The majority of platform businesses tend to ‘enlist’ casual workers and label them as independent contractors, even though the real nature of the job may indicate a disguised employment relationship, often concealed behind a façadeof organisational and economic independence.[1] The extensive reliance of platform businesses on freelance jobs, along with other issues related to labour protection, can also impose serious limitations to the meaningful exercise of fundamental collective labour rights, such as the rights to freedom of association and collective bargaining, which constitute a part of the constitutional order of many countries.[2] At the international level, the rights in question are enshrined in the 1998 ILO Declaration on Fundamental Principles and Rights at Work. The rights and principles contained in the Declaration, are considered to be universal; hence, they should be applicable to all workers, notwithstanding their employment status, in all ILO Member States, by the very fact of their membership and irrespective of ratification of the relevant conventions. Such rights, moreover, are also part of the ‘universal list’ of human rights, as they have been incorporated in a number of international human rights instruments, such as the European Convention on Human Rights (ECHR) and the European Social Charter (ESC). Their nature as human rights has also been confirmed by numerous judgments of international courts and national supreme courts.
Much of the restrictions (self-employed) platform workers are facing towards the effective exercise of their collective labour rights can be attributed to the very limitations of labour law’s own framework, where rights and obligations are mostly secured via the existence of an employment relationship. Furthermore, collective labour rights can also be constrained, in occasions where platform workers’ collective activities come into clash with competition law. In different instances, competition authorities, by adopting a rather strict approach, have been using their authority to obstruct to certain categories of workers, including platform workers, from concluding collective bargaining agreements on the ground that these are price-fixing agreements between undertakings; thus, they are capable of hindering fair competition and consumer’s welfare. In addition to legal obstacles, practical hurdles can also constitute a threat towards platform workers’ collective labour rights, even if they are considered employees. Among other reasons, as other workers in atypical jobs, they deal with frequent turnovers and limited attachment to a single workplace. As such, it is difficult for them to be approached by unions, or even to communicate between each other in order to organise their collective actions.

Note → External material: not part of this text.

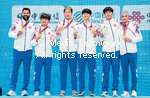 | ■香港男子花剑队大热夺金。左起為主教练格连(Greg Koenig)、吴诺弘、张家朗、梁千雨、蔡俊彦和教练Maurizio Zomparelli。(张家朗復仇成功 蔡俊彦感谢观眾打气声 最强出鞘 花剑男团夺港队第9金) |

Against this background, it can be argued that a possible way forward towards the better protection of platform workers’ collective labour rights can derive from the adoption of a human rights-based approach (HRBA) vis-à-vislabour protection.[3] Concretely, such an approach identifies workers, regardless of their employment status, as rights-holders entitled to rights derived from international human rights and labour rights treaties. A HRBA, moreover, does not intend to force the requalification of workers who find themselves in a ‘grey’ zone between employment and self-employment, including many platform workers. It rather seeks to provide a protection floor to all workers who, by exercising their rights to freedom of association and collective bargaining will be able to ameliorate their working conditions and produce adequate labour standards that will not depend on their employment status.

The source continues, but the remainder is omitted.